POV-Ray : Newsgroups : povray.beta-test : POV-Ray for Windows version 3.7 beta 1 available : Re: POV-Ray for Windows version 3.7 beta 1 available Server Time
28 Apr 2024 16:44:58 EDT (-0400)
  Re: POV-Ray for Windows version 3.7 beta 1 available  
From: Thorsten Froehlich
Date: 22 Apr 2005 17:28:18
Message: <42696c72$1@news.povray.org>
Francois LE COAT wrote:
> The 64-bits addressing is not the main feature of GCC 4.0 that I'm
> looking forward ... I was speaking of refined optimizations such
> as parallelization and vectorization of the PPC code ... It seems
> that GCC 4.0 is a great step in the direction of more efficient
> code generation.
> 
> Do you know more than I know myself ?

On the gcc mailing list there have been several notes that code actually is 
slower when compiled with gcc 4.0 than with 3.4 due to some optimizations 
they had to leave behind when getting their new optimizer framework in. 
Supposedly only gcc 4.1 will bring most of those things back.

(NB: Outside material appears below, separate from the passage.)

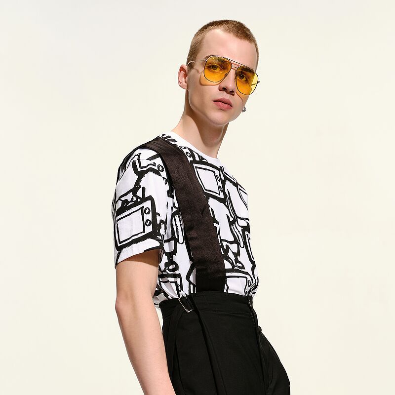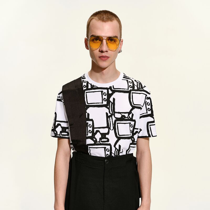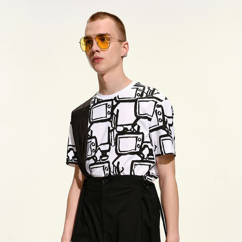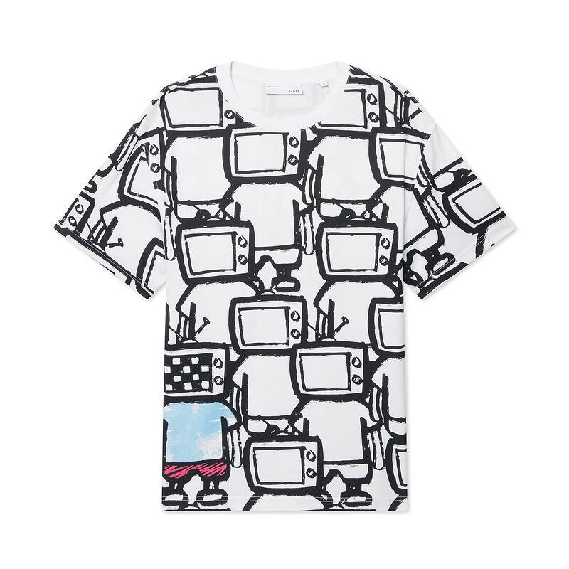 GXG2021年春季商城同款白色圆领短袖T恤男涂鸦满印上衣T恤

Besides, I am not exactly very confident with what Apple will ship with Mac 
OS X 10.4 - while they claim it will be gcc 4.0, it cannot actually be 
because that way only released *today* but Apple is already sending out CDs, 
which must have been pressed at least a week ago.  Besides, in the past 
serious bugs in Apple's custom version of gcc have broken popular C++ 
libraries such as boost - the current Apple supplied gcc 3.3.x (not the real 
gcc) has had an infinite loop allocating memory bug in the *compiler* (not 
the generated code) for several months and Apple has not taken any action.

As it stands, I would be more interested to get the 'real' gcc generate AIX 
for PowerPC code as that uses the sane and properly designed PEF/CFM 
execuatable format* rather than the flawed Mach-O format (see for example 
the summary on <http://www.unsanity.org/archives/000044.php> to learn why 
Mach-O applications are so slow)...

	Thorsten


* IBM developed it along with the first Power processor, the superset of the 
instruction set and processor architecture PowerPC processors are based on. 
When Apple moved to PowerPC, the first Mac OS was developed using IBM 
compilers running on Power-based AIX workstations.